Print only what runs from the line that includes "Super-soft knee-length jersey" to the end of the listing, word for word, and do not include any pictures.

### Provided material:
◆ ◆ ◆ ◆
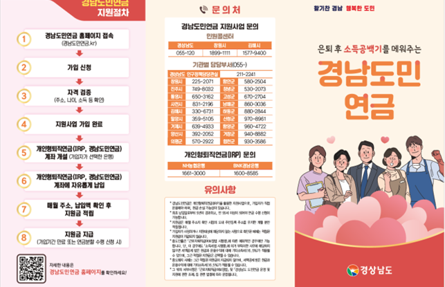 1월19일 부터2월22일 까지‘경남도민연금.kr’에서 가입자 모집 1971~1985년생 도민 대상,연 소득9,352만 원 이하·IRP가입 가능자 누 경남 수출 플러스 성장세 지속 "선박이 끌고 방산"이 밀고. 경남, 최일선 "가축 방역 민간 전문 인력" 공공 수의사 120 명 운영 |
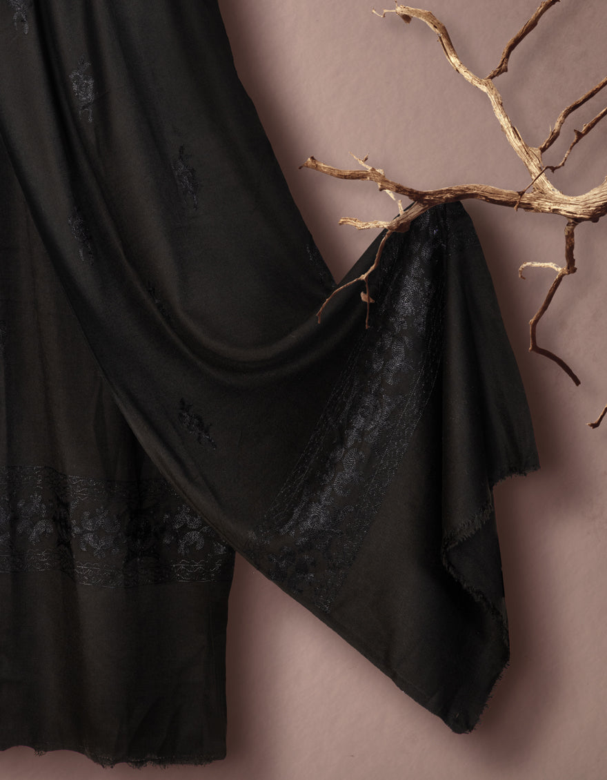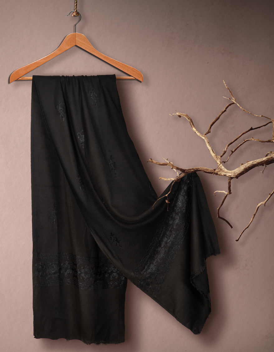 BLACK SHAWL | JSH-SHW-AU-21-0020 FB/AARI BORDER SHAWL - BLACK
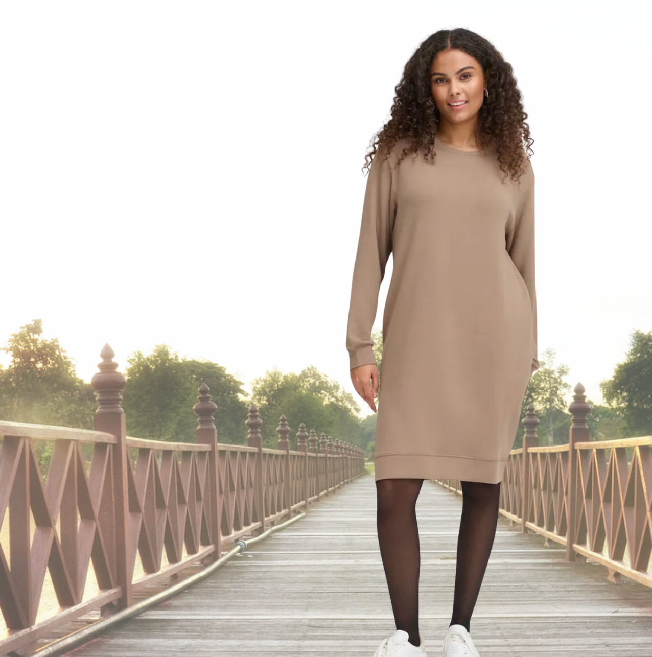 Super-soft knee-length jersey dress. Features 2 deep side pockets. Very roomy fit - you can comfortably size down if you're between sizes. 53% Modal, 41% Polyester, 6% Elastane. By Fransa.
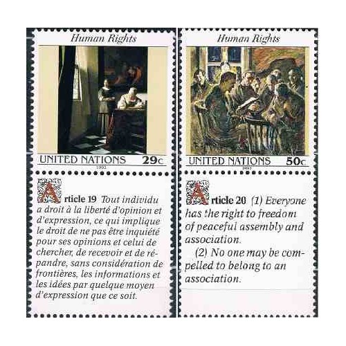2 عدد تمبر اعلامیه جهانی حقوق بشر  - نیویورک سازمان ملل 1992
◆ ◆ ◆ ◆
### Response box:
 Super-soft knee-length jersey dress. Features 2 deep side pockets. Very roomy fit - you can comfortably size down if you're between sizes. 53% Modal, 41% Polyester, 6% Elastane. By Fransa.
2 عدد تمبر اعلامیه جهانی حقوق بشر  - نیویورک سازمان ملل 1992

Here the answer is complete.